▶ _Work to complete_
Verbatim reproduction of the entries is required; images must be omitted.

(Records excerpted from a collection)
::::::

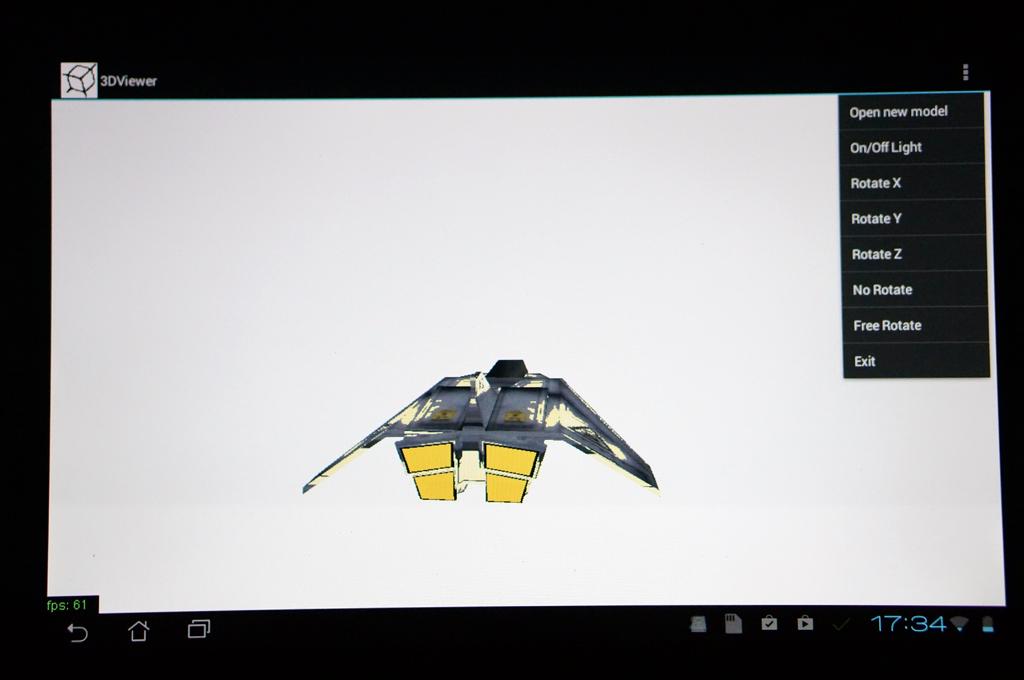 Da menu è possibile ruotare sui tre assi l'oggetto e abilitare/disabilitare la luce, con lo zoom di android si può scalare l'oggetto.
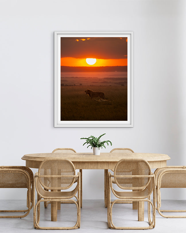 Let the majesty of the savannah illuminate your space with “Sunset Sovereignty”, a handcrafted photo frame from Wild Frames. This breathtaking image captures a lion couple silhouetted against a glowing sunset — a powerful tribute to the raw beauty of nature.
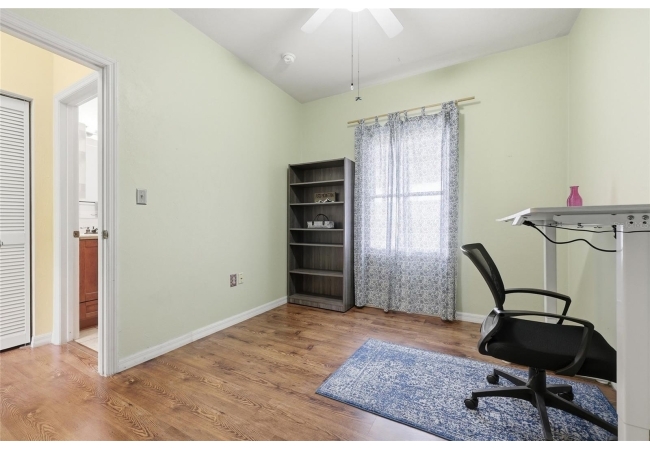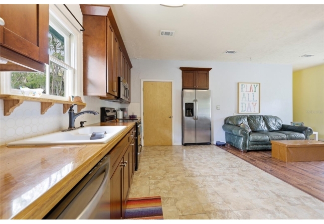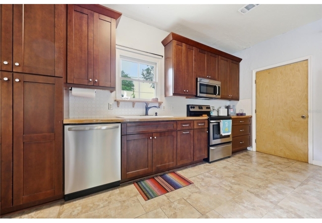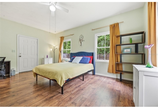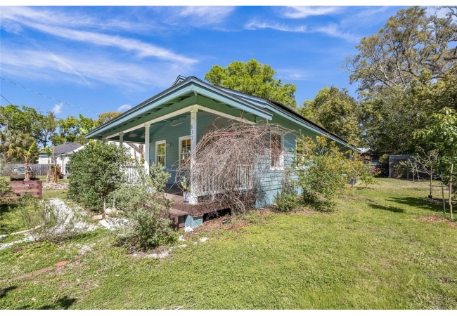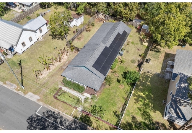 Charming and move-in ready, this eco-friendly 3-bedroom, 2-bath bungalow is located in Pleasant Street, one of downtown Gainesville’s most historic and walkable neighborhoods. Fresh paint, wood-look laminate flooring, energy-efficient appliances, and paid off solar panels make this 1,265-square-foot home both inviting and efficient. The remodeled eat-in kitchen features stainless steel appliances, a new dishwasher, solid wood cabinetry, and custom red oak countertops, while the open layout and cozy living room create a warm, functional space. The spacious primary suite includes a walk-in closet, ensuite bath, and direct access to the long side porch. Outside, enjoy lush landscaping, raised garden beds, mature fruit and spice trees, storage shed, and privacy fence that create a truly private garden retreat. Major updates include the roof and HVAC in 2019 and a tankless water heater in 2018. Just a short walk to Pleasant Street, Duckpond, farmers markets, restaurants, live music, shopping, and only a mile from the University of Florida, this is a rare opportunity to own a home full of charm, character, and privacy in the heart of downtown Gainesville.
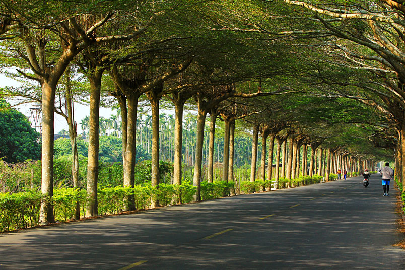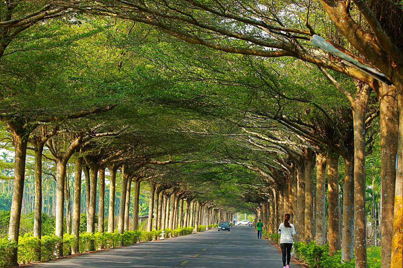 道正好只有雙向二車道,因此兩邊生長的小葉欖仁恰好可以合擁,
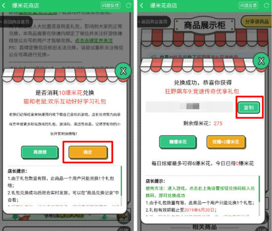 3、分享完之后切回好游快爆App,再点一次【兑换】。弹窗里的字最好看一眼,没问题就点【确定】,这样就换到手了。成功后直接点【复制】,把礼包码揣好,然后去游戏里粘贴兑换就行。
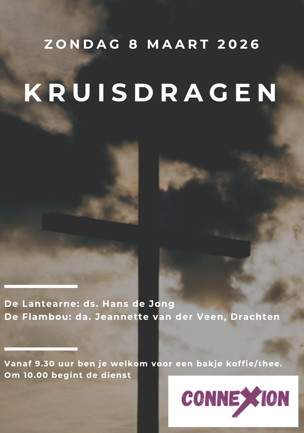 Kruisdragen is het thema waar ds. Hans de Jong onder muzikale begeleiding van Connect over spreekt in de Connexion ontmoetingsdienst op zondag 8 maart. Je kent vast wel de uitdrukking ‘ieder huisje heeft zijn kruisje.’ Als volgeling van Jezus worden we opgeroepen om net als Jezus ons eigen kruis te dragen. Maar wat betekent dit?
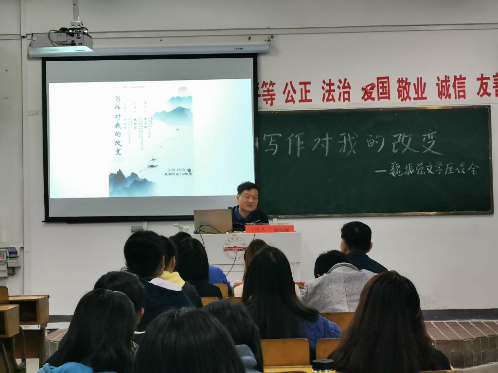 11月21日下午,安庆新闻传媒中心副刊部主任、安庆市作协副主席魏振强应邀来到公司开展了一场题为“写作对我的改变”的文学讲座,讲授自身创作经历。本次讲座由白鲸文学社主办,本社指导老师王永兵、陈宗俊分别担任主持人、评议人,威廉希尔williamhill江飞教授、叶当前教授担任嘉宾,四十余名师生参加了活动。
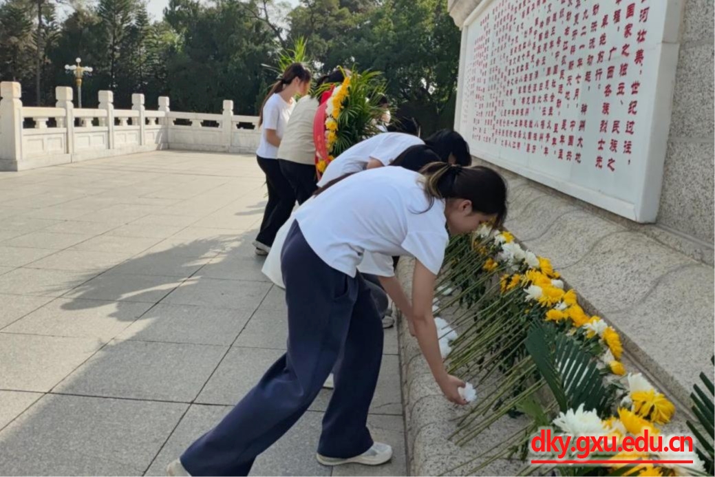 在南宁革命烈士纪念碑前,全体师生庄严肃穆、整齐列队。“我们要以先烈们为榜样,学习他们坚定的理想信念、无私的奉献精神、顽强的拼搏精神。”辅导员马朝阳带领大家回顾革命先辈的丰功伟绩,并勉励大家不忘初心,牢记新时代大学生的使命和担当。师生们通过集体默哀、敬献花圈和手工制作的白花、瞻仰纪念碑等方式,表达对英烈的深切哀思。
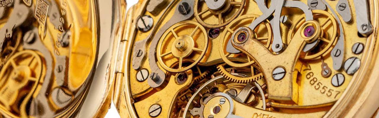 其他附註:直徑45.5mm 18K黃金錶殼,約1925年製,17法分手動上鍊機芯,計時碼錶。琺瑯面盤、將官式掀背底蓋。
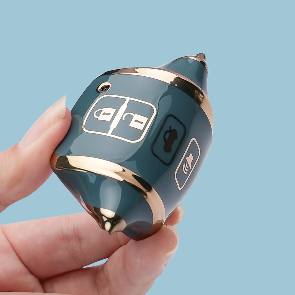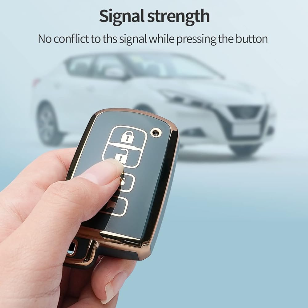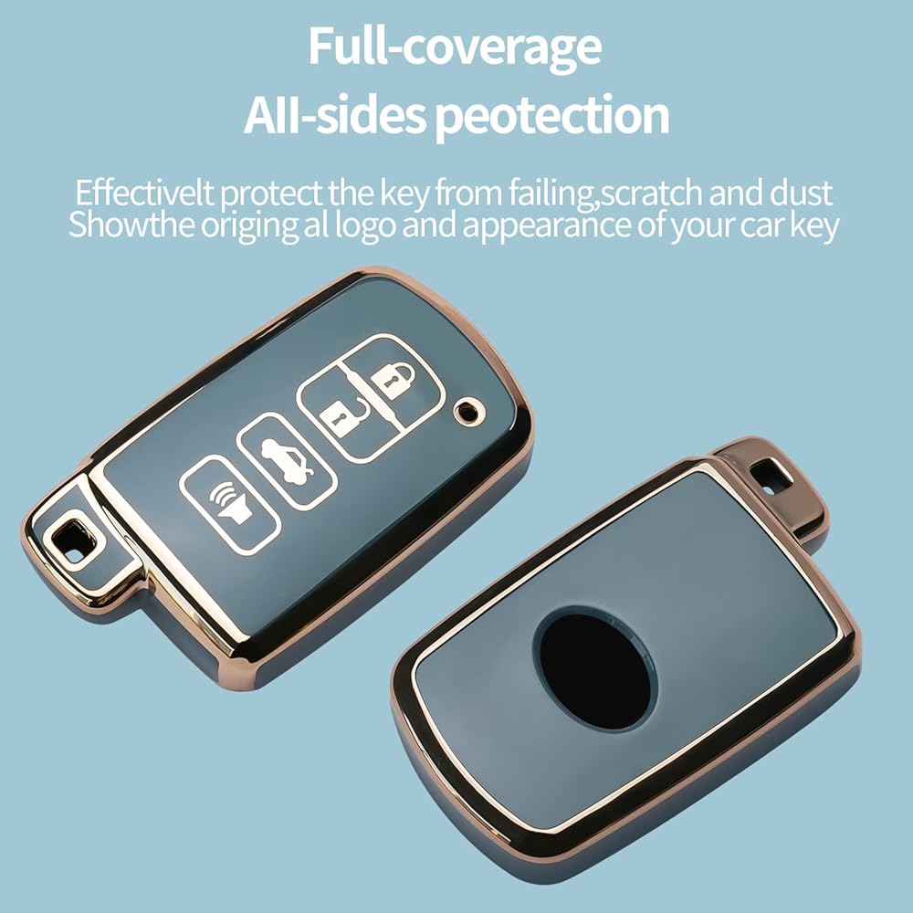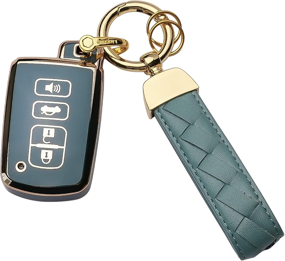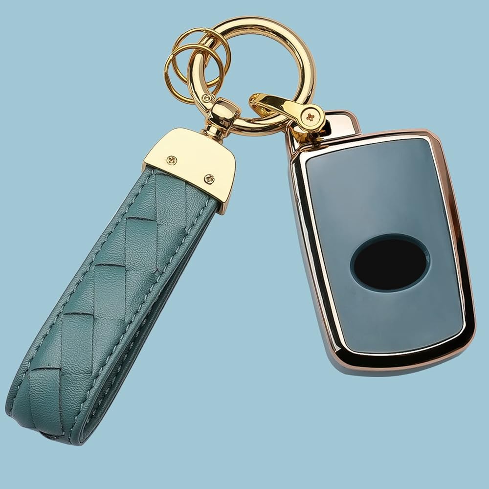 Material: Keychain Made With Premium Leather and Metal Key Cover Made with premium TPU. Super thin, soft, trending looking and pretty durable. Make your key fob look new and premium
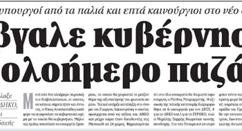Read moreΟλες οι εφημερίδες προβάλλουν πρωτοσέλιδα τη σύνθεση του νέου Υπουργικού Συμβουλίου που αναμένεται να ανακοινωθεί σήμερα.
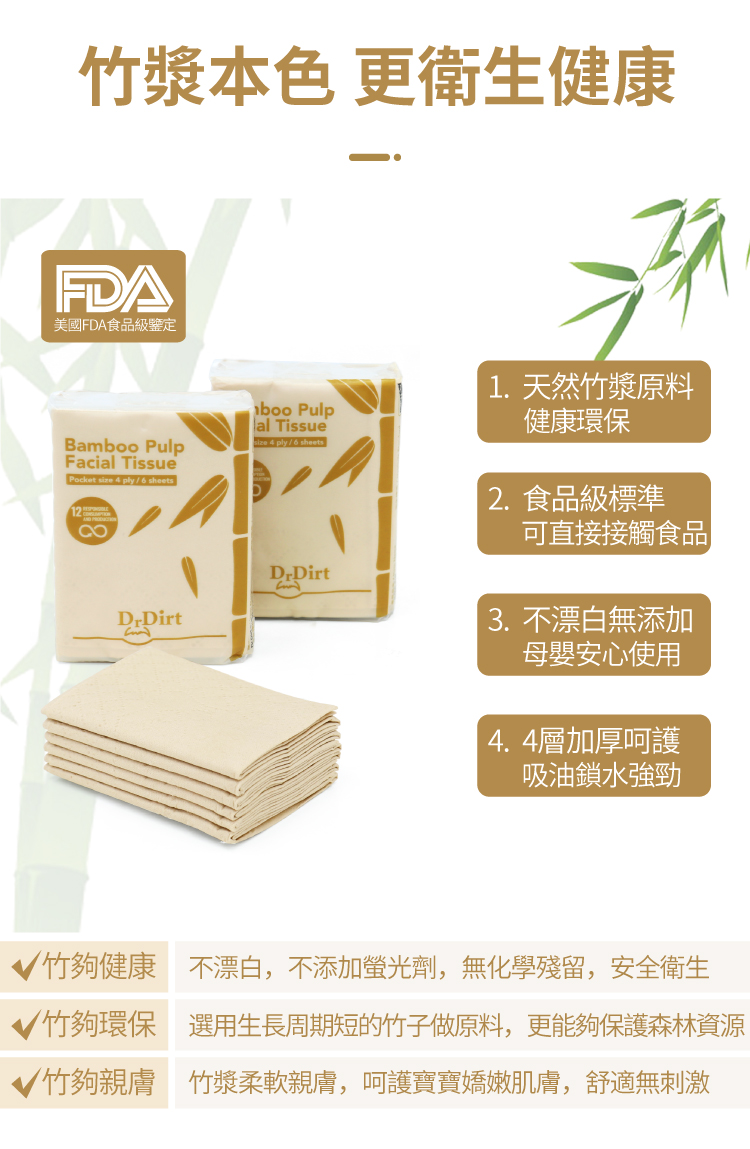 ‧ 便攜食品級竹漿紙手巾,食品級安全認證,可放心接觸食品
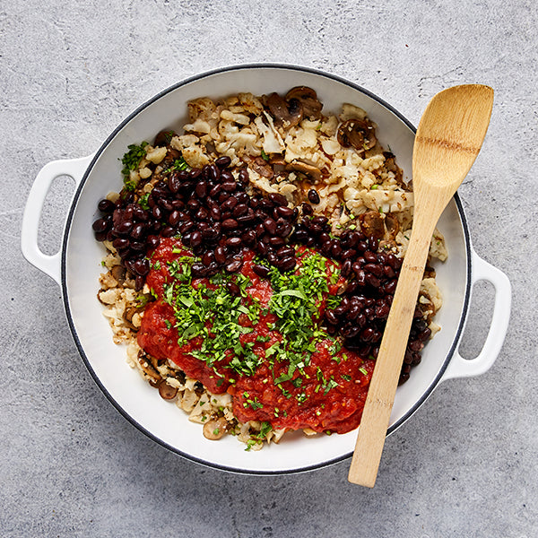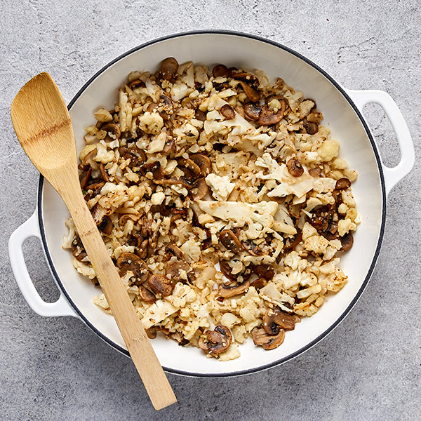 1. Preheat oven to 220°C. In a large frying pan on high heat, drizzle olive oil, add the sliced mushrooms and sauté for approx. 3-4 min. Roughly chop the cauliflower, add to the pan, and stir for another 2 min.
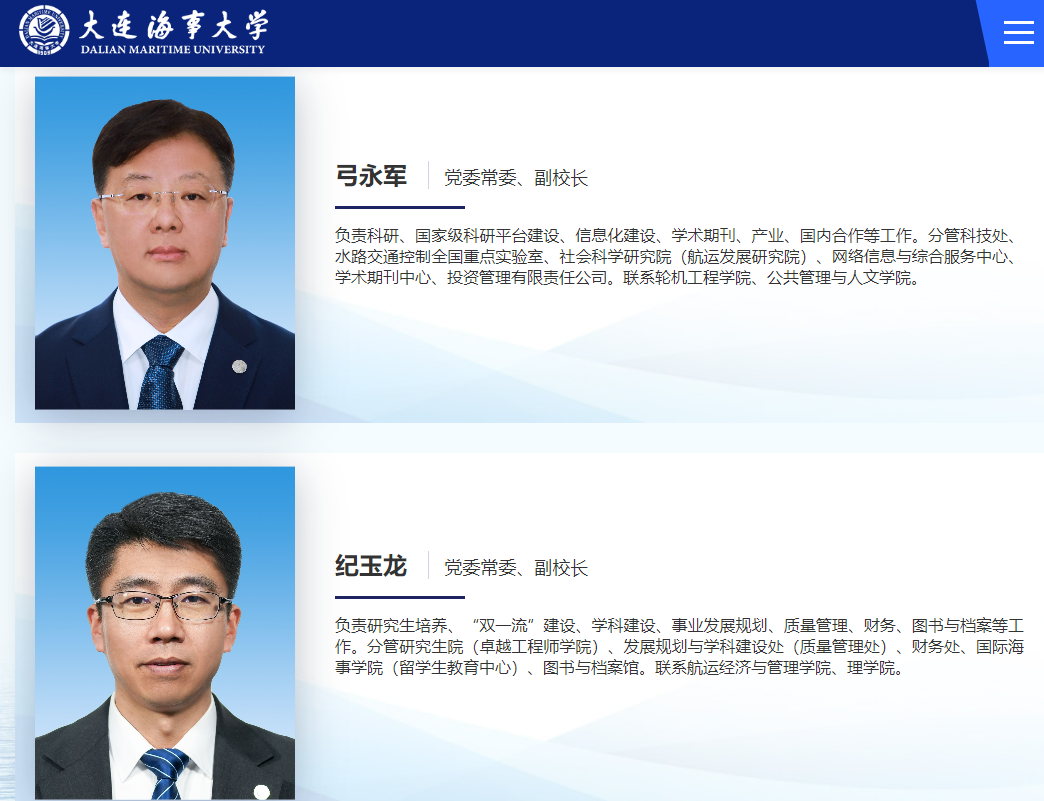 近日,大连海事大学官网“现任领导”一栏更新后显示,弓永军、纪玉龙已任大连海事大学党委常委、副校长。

::::::

▶ _Written response_
 Da menu è possibile ruotare sui tre assi l'oggetto e abilitare/disabilitare la luce, con lo zoom di android si può scalare l'oggetto.
 Let the majesty of the savannah illuminate your space with “Sunset Sovereignty”, a handcrafted photo frame from Wild Frames. This breathtaking image captures a lion couple silhouetted against a glowing sunset — a powerful tribute to the raw beauty of nature.
 Charming and move-in ready, this eco-friendly 3-bedroom, 2-bath bungalow is located in Pleasant Street, one of downtown Gainesville’s most historic and walkable neighborhoods. Fresh paint, wood-look laminate flooring, energy-efficient appliances, and paid off solar panels make this 1,265-square-foot home both inviting and efficient. The remodeled eat-in kitchen features stainless steel appliances, a new dishwasher, solid wood cabinetry, and custom red oak countertops, while the open layout and cozy living room create a warm, functional space. The spacious primary suite includes a walk-in closet, ensuite bath, and direct access to the long side porch. Outside, enjoy lush landscaping, raised garden beds, mature fruit and spice trees, storage shed, and privacy fence that create a truly private garden retreat. Major updates include the roof and HVAC in 2019 and a tankless water heater in 2018. Just a short walk to Pleasant Street, Duckpond, farmers markets, restaurants, live music, shopping, and only a mile from the University of Florida, this is a rare opportunity to own a home full of charm, character, and privacy in the heart of downtown Gainesville.
 道正好只有雙向二車道,因此兩邊生長的小葉欖仁恰好可以合擁,
 3、分享完之后切回好游快爆App,再点一次【兑换】。弹窗里的字最好看一眼,没问题就点【确定】,这样就换到手了。成功后直接点【复制】,把礼包码揣好,然后去游戏里粘贴兑换就行。
 Kruisdragen is het thema waar ds. Hans de Jong onder muzikale begeleiding van Connect over spreekt in de Connexion ontmoetingsdienst op zondag 8 maart. Je kent vast wel de uitdrukking ‘ieder huisje heeft zijn kruisje.’ Als volgeling van Jezus worden we opgeroepen om net als Jezus ons eigen kruis te dragen. Maar wat betekent dit?
 11月21日下午,安庆新闻传媒中心副刊部主任、安庆市作协副主席魏振强应邀来到公司开展了一场题为“写作对我的改变”的文学讲座,讲授自身创作经历。本次讲座由白鲸文学社主办,本社指导老师王永兵、陈宗俊分别担任主持人、评议人,威廉希尔williamhill江飞教授、叶当前教授担任嘉宾,四十余名师生参加了活动。
 在南宁革命烈士纪念碑前,全体师生庄严肃穆、整齐列队。“我们要以先烈们为榜样,学习他们坚定的理想信念、无私的奉献精神、顽强的拼搏精神。”辅导员马朝阳带领大家回顾革命先辈的丰功伟绩,并勉励大家不忘初心,牢记新时代大学生的使命和担当。师生们通过集体默哀、敬献花圈和手工制作的白花、瞻仰纪念碑等方式,表达对英烈的深切哀思。
 其他附註:直徑45.5mm 18K黃金錶殼,約1925年製,17法分手動上鍊機芯,計時碼錶。琺瑯面盤、將官式掀背底蓋。
 Material: Keychain Made With Premium Leather and Metal Key Cover Made with premium TPU. Super thin, soft, trending looking and pretty durable. Make your key fob look new and premium
Read moreΟλες οι εφημερίδες προβάλλουν πρωτοσέλιδα τη σύνθεση του νέου Υπουργικού Συμβουλίου που αναμένεται να ανακοινωθεί σήμερα.
 ‧ 便攜食品級竹漿紙手巾,食品級安全認證,可放心接觸食品
 1. Preheat oven to 220°C. In a large frying pan on high heat, drizzle olive oil, add the sliced mushrooms and sauté for approx. 3-4 min. Roughly chop the cauliflower, add to the pan, and stir for another 2 min.
 近日,大连海事大学官网“现任领导”一栏更新后显示,弓永军、纪玉龙已任大连海事大学党委常委、副校长。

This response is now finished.